Did you receive a day trade call and are wondering what exactly caused this? Well, you're in the right place. Continue reading to learn more about:
However, day trade calls are different from Equity Maintenance calls issued from being flagged as Pattern Day Trader. To learn about EM calls & pattern day trading instead, then please click here.
Why did I get a Day Trade Call?
When you exceed your starting day trade buying power
A day trade call (DT) generates when a margin account exceeds its starting day trade buying power (SDTBP). You can view your starting day trade buying power by logging into your tastyworks desktop platform or by logging into your account at tastyworks.com. For instructions on locating starting day trade power, then please click here.
SDTBP comes from taking your account's margin equity minus the margin requirement of all your positions. Moreover, it is your Options Buying Power at the close of business from the previous trading day.
Generally, an account generates a DT call when holding a position(s) overnight and closes the position(s) the next trading day, and immediately trades with the newly released buying power. Although you cannot day trade with newly released buying power, you may open new positions if you intend on holding the position overnight.
When is a Day Trade call due?
It depends if you had any past-due calls
If there are not any open past-due day trade calls on the account, new day trade calls are typically due five business days after the trade date (T+5). If there are any open past-due DT calls on the account, new DT calls are due one business day after the trade date (T+1).
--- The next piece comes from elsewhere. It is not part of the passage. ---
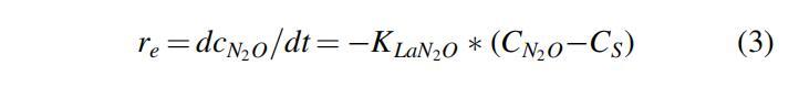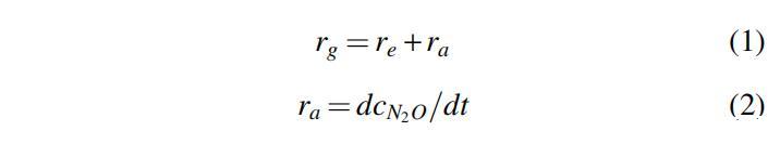 N2O生成[rg;mg N/(L$s);等式(1)]、累積[ra;mg N/(L$s);等式(2)]和排放[re;mg N/(L$s);等式(3)]率是使用基于在線N2O液體濃度測量的余額計(jì)算的(J.Gabarro等人,2014年)。
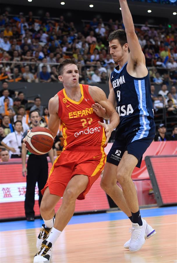 8月27日,西班牙队球员哈维·拉巴塞达(左)在比赛中进攻。 当日,在浙江宁波奥体中心举行的2019国际男篮热身赛中,西班牙队以84比76战胜阿根廷队。 新华社记者黄宗治摄

May result in a 90-day closing only restriction
When an account doesn’t have any day trade (DT) calls, they can re-use their starting day trade buying power throughout the day. For example, an account with $5,000 in SDTBP could place the following trades:
- Buy $4,800 worth of calls.
- Sell the calls.
- Buy $4,000 worth of puts.
- Sell the puts.
Since the day traded positions were not open at the same time, only the largest day trade is considered. Since $4,800 is <= the SDTBP, no DT call issues.
However, if an account has one or more open DT Calls, subsequent day trade calls calculate by adding the day trade requirements of ALL day trades. For example, the day trades from the example above would require $8,800 in SDTBP. As a result, if the account only had $5,000 in SDTBP, the account would receive another day trade call. Additionally, if an account has one or more open DT Calls, the minimum day trade requirement for equities will rise to 50%. If an account has one or more open past due DT Calls, the minimum day trade requirement for equities will increase to 100%.
Lastly, if two or more DT calls go past due without being met, a closing-only restriction is applied to the account for 90 calendar days. The restriction can only be removed by meeting the combined total of all unmet DT calls.
How to meet a DT Call
Typically, DT calls are met with a deposit
Typically, a DT call must be met by depositing new funds in the amount of the call(s) or higher. The deposit must remain in the account for two full business days before being withdrawn. If an account does not meet a DT call, then the call will fall off the account 90 days after the due date.
- Any funds withdrawn from an account while there is an open DT call will add to the amount of the call. For example, if you received a DT call for $3,000 and withdrew $4,000 from your account while the call was open, you would need to deposit $7,000 to meet the call.
- If there is more than one open DT call on an account, but none are past due, funds deposited can apply to both calls. For example, if there is one open DT call for $1,500 and a second open DT call on the account for $3,200 (and neither is past due), then a deposit of $3,200 can meet both DT calls.
- If there is more than one open DT call on an account and any of them are past due, the calls must be met separately.For example, if there is one open DT call for $1,500 and a second open DT call on the account for $3,200 (and both are past due), then a deposit of $4,700 is required to meet both DT calls.
- If only one DT call is past due, then you can meet the smaller one to avoid the “closing positions only” restriction caused by multiple DT calls.
- If two or more DT calls are past due, then you must meet the total of all of them to remove the “closing positions only” restriction.
Meeting via Liquidation
Per FINRA Rule 4210, an account may liquidate securities to satisfy a day trade (DT) call, but only the maintenance margin requirement of the liquidated securities will be released. However, FINRA discourages such practice and requires monitoring to ensure this form of meeting day trade calls is not misused or overused.
- DT calls can be met via liquidation up to 3 times in a rolling 12 month period.
- In order to meet a DT call via liquidation, you must have open positions after the DT call is issued that will generate enough maintenance margin relief to fully meet the DT call. This means that the liquidation that created the day trade cannot be applied.
- Only the maintenance margin relief of liquidations can be applied to the DT Call.
- All liquidations that are designated toward meeting a DT call must happen in the same day and the DT call must be met by the end of that day.